Warszawa rozważa nowy podatek na puste mieszkania – czy podąży śladami Katowic?

Warszawa rozważa nowy podatek na puste mieszkania – czy podąży śladami Katowic?

Debata dotycząca podatków od niesprzedanych mieszkań w Warszawie nabiera tempa, a temat wywołuje żywe zainteresowanie zarówno wśród miejskich radnych, jak i deweloperów. Próby znalezienia skutecznych sposobów na ograniczenie liczby pustostanów mogą wkrótce przełożyć się na konkretne zmiany w polityce podatkowej stolicy.

Nowe podejście do pustych mieszkań – przykład Katowic

Katowice wyznaczyły niedawno nowy kierunek, podnosząc stawkę podatku dla właścicieli pustych lokali do 34 zł za metr kwadratowy rocznie. Dotychczas właściciele płacili zaledwie 1,19 zł, co w praktyce nie zniechęcało do przetrzymywania mieszkań bez najemców czy kupców. Decyzja ta zapadła w następstwie wyroku Naczelnego Sądu Administracyjnego z października 2024 roku, który jednoznacznie określił, że preferencyjne stawki podatkowe mają przysługiwać jedynie lokalom faktycznie wykorzystywanym na cele mieszkaniowe.

Jakie argumenty pojawiają się w Warszawie?

Pomysł podniesienia podatku od niesprzedanych lokali w Warszawie znajduje poparcie wśród części radnych oraz urzędników ratusza. Z ich perspektywy wyższy podatek może być skutecznym narzędziem ograniczającym zjawisko przetrzymywania pustych mieszkań przez deweloperów. Według zwolenników zmian, taka decyzja mogłaby wpłynąć na zwiększenie dostępności mieszkań dla mieszkańców stolicy oraz ograniczyć spekulacje na rynku nieruchomości.

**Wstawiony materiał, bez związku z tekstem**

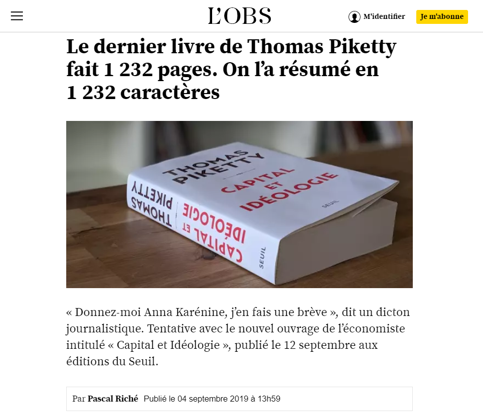 Mais gloser sur le nombre de pages et de ventes des livres n’exonère pas complètement d’aborder le fond. Si Piketty s’attache à étudier "l'histoire des systèmes de justification de l'inégalité", ce sont surtout les propositions du chapitre "Éléments pour un socialisme participatif au XXIe siècle"
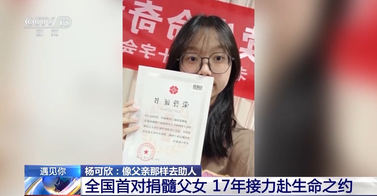 就像歌声里唱的,“遇见了你,是生命最好的事情。”17年父女接力捐献,是生命的约定,更是爱的传承;杨振亚夫妇同心坚守,用温暖种下了一颗善意的种子,在家庭的滋养下,女儿杨可欣,又用青春的坚持,让这颗种子不断生根发芽,健康生长。

Nie wszyscy są zgodni – obawy przeciwników nowej polityki

Nie brakuje jednak głosów sceptycznych. Część radnych oraz część środowiska deweloperskiego wskazuje, że wyższe podatki mogą zniechęcić inwestorów do realizowania nowych inwestycji. Przeciwnicy wskazują także, że nagła zmiana przepisów może zahamować rozwój rynku mieszkaniowego i spowodować, że ceny mieszkań wcale nie spadną, a wręcz przeciwnie – wzrosną ze względu na ograniczenie podaży.

Możliwe scenariusze dla warszawskiego rynku nieruchomości

Choć decyzja o zmianie wysokości podatków jeszcze nie zapadła, temat wzbudza wiele emocji i staje się jednym z najważniejszych zagadnień w lokalnej debacie publicznej. Jeżeli Warszawa pójdzie śladem Katowic, deweloperzy będą musieli liczyć się z znacznym wzrostem kosztów utrzymania niesprzedanych lokali. Z kolei mieszkańcy mogą zyskać większą dostępność mieszkań, choć skutki tego ruchu będą w dużej mierze zależne od reakcji rynku i inwestorów.

Ostateczna decyzja należy do warszawskich władz, które stoją przed trudnym wyborem: czy postawić na rozwiązania mające zwiększyć podaż mieszkań, czy też zachować ostrożność, by nie zahamować inwestycji i rozwoju stolicy. Polityka mieszkaniowa oraz kwestie podatkowe pozostają kluczowymi tematami najbliższych miesięcy w Warszawie.